In a real production environment, we all need to ensure that the system is highly available. That is, to ensure that each component of the system does not have a problem, or to provide a series of fault tolerance mechanisms. When Flink checkpoints are enabled, the Flink Kafka Consumer records Kafka offsets and other operator operations to checkpoints in a consistent manner at regular intervals as a topic consumes records. In case the job fails, Flink will restore the stream to the state of the latest checkpoint and reuse Kafka’s records from the offset stored at the checkpoint.
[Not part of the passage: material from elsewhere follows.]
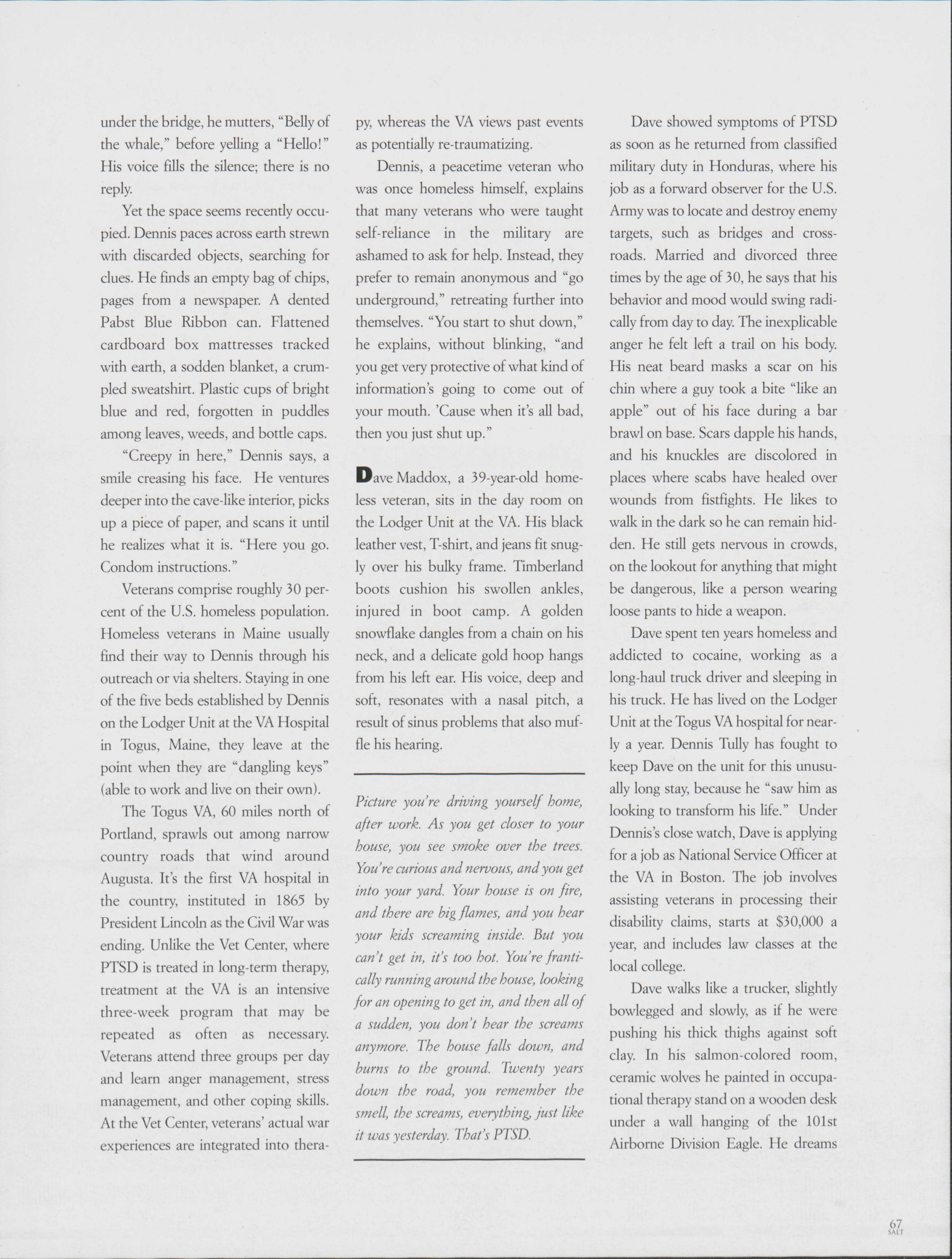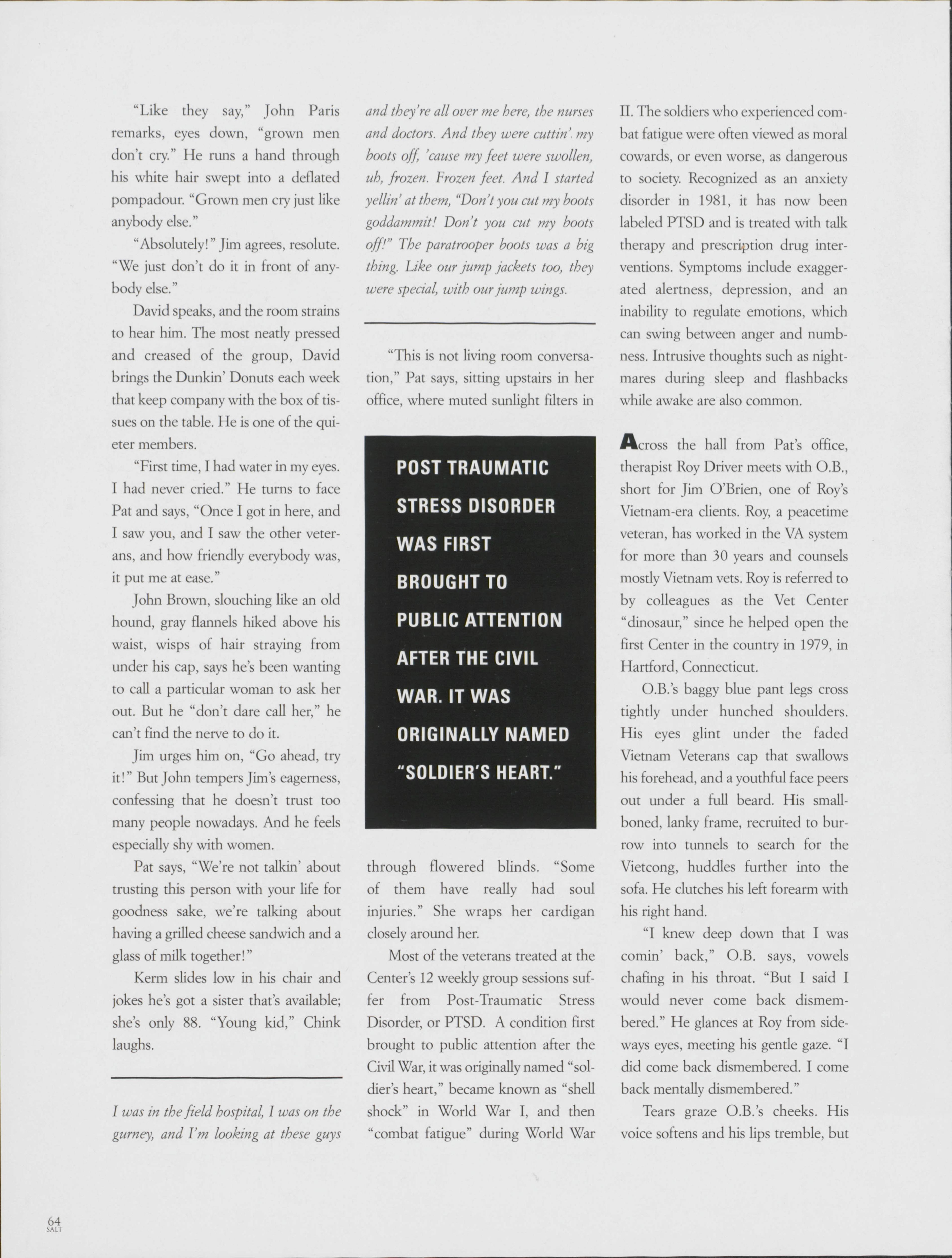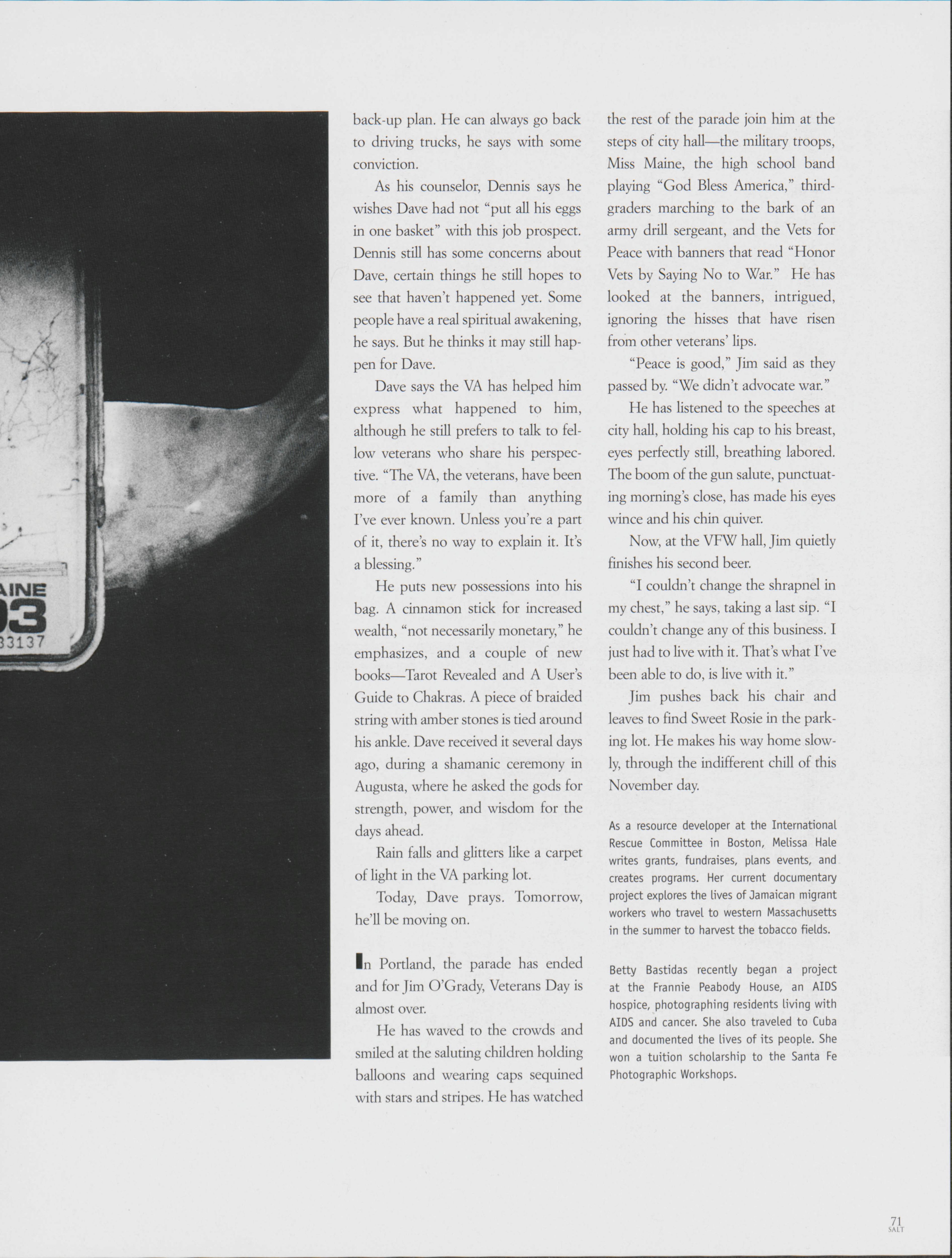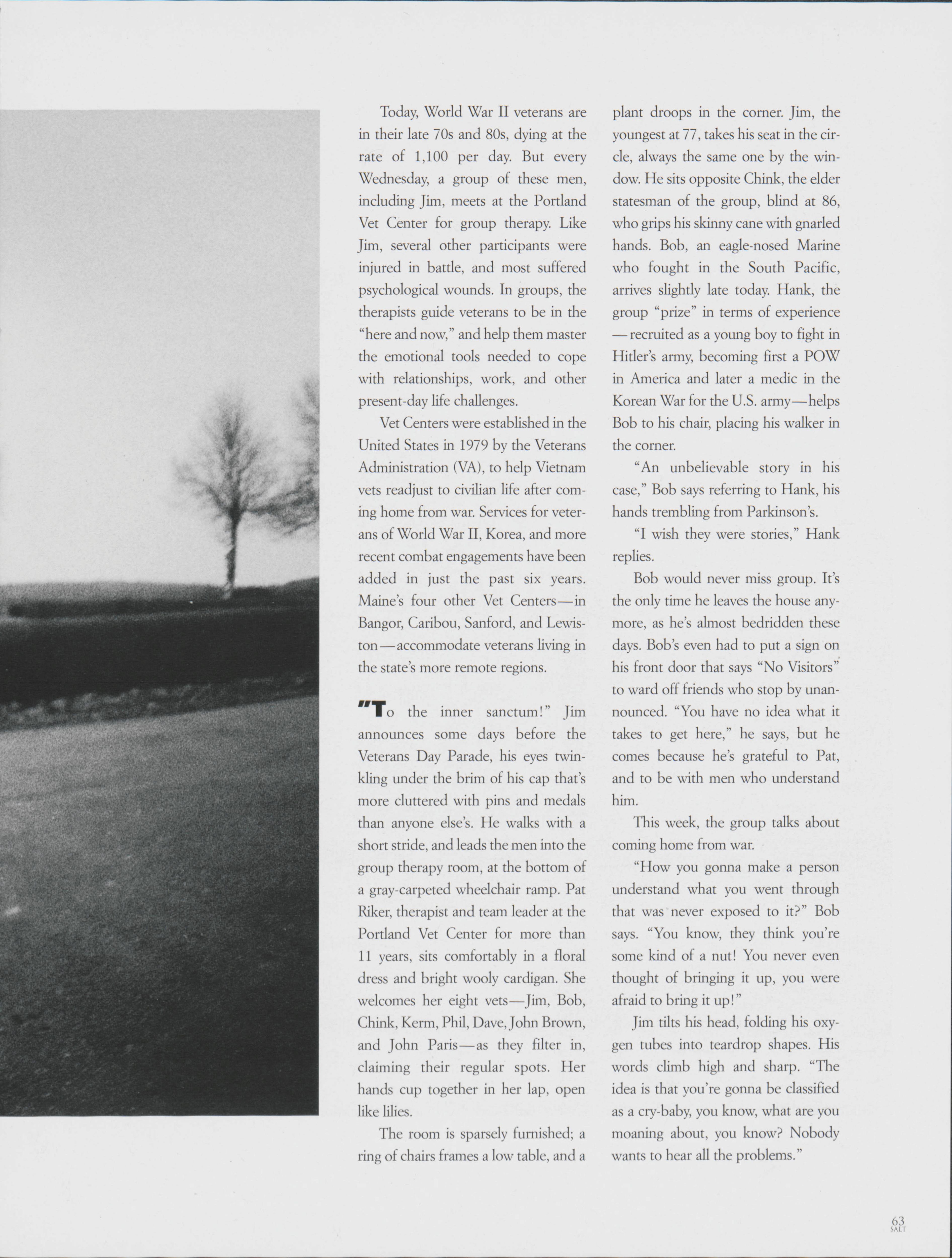 Melissa Hale speaks to war veterans about their lives and experiences in combat.

Kafka version Execution semantics
Kafka 0.8 Prior to 0.9 Kafka did not provide any mechanism to guarantee semantics at least once and only once
Kafka 0.9 and Kafka 0.10 0.9 and 0.10 have at leastA semanticOf whichsetLogFailureOnlySet to false,setFlushOnCheckpointSet to true.
Kafka 0.11 and newer FlinkKafkaProducer011 (for Kafka> = 1.0.0 FlinkKafkaProducer) is available after Flink’s checkpoint is enabledOnce and onlySemantic guarantee.

Can refer to the article: blog.csdn.net/u013076044/…

Code example: Java Scala

The Event Time and the WaterMark

// TODO is waiting for an update… .

Trigger the Trigger

// TODO is waiting for an update… .

The output side

  • out-of-order
  • shunt

Asynchronous I/o

Flink’s Async I/O API allows users to use asynchronous request clients with data streams. The API handles integration with data streams, as well as processing order, event time, fault tolerance, and so on. To correctly implement the asynchronous IO function of Flink, the connected database needs to support the asynchronous client. Fortunately, many popular databases support such clients.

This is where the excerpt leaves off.